I have the following problem with my iPhone 5S (iOS 8.1.2):


I am using S/MIME for email encryption. Therefore I have cerfiicates installed for certain receiver email addresses.

Some of those certificates are expired. But it is impossible to install a new valid certificate. The iPhone email application continues to use the old certificate (public key) of the receiver for encrypting the emails.


How can I delete the outdated certificates?


I already reset the iPhone to factory settings and restored from backup.
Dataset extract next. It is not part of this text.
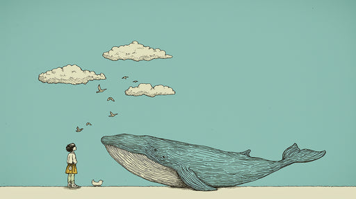 View full details· This wallpaper features a charming hand-drawn illustration of a giant blue whale accompanied by flying birds and a curious child, creating an ima...

However the certificates appear to be saved in the backup as well.

iPhone 5s, iOS 8.1.2, S/MIME, certificates

Posted on Jan 4, 2015 11:07 AM

Reply
27 replies

Mar 28, 2017 1:13 PM in response to Gengsheng

I think, I got the solution, it worked on both of my Phones!

Apparently, you can only store 1 S/MIME certificate per email-address on the iPhone.
I had to find an old Email with the outdated certificate, that was stored on the phone, and then tap on the senders name, then tap "Show Certificate", you should see a "Delete"-Button instead of the "Install"-Button. (On one phone, I had to go three years back to find an email with the stored cert.) Delete it, and you can install a valid certificate the same way you uninstalled the old/wrong one.
I'm not entirely sure that I got all the button's names right, I have german settings 😉

Sep 20, 2017 12:17 AM in response to Gengsheng

BTW, this is still not fixed in iOS11. Doh! I wrote a bug many years ago that was closed out as dup, so I can't see the status of the issue. However, I was able to find an old email and that solved my problem. Thank you! This has been driving me nuts for years. Since it's security related, I'm not sure why this has not received more attention.

Aug 17, 2015 12:17 PM in response to Gengsheng

I figured out how to delete expired S/MIME certificates and possibly how to scale iOS S/MIME for future certs -- I can't tell if the solution is a bug or a feature.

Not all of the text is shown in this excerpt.